> **TASK PROMPT**: Retype, word for word, the line holding "Броски.Начинаем с отработки" and every line below it to the end of the listing. Leave out the pictures.

> **AVAILABLE RECORDS**:
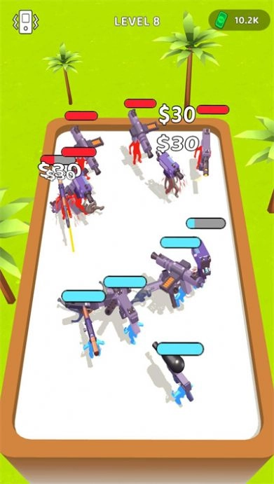 1、玩家在操控枪头男击败反派的过程中,能体验到前所未有的乐趣,其玩法独树一帜,十分新颖。 2、难度会呈现阶段性提升,让玩家在感受到游戏易上手的同时,也能体会到大BOSS带来的压迫感。
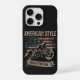 Bold American-style biker artwork featuring a powerful chopper motorcycle set against a distressed USA flag, symbolizing freedom, rebellion, and the spirit of the open road.
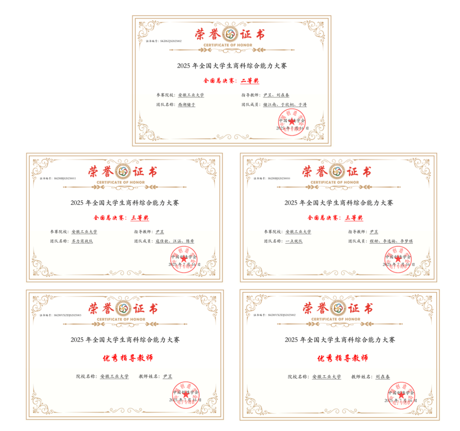公司高度重视此次赛事,积极组织员工备赛。由储江南、于欣桐、于涛组成的代表队一路过关斩将,在全国总决赛中凭借出色的商业决策、精准的市场分析和卓越的团队协作,从2506支强队中脱颖而出,斩获全国二等奖;另有两支队伍表现优异,荣获全国三等奖。指导教师尹昱、刘在春因悉心指导和突出贡献,获评“优秀指导教师”。
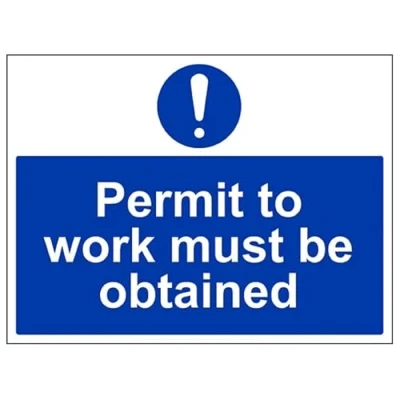 V Safety Permit to work must be obtained 600x450mm Self Adhesive Vinyl Sign
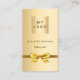 A faux gold looking background. Decorated with a golden bow. Personalize and add your business logo, name, title and contact information. Add your website url/link to the Qr code. With Facebook and Instagram icons. Black text.
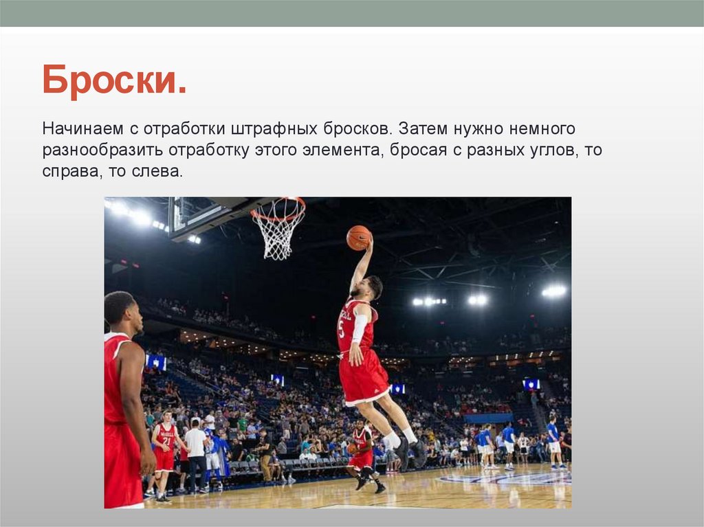 Броски.Начинаем с отработки штрафных бросков. Затем нужно немного
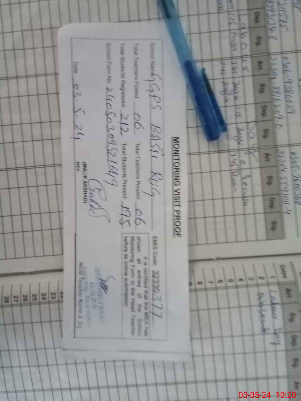 | Name: SH**** BE**** Designation: (School Headmaster's/Headmistress's) PST Phone/Cell Number: 03**** |

> **YOUR RESPONSE**:
 Броски.Начинаем с отработки штрафных бросков. Затем нужно немного
 | Name: SH**** BE**** Designation: (School Headmaster's/Headmistress's) PST Phone/Cell Number: 03**** |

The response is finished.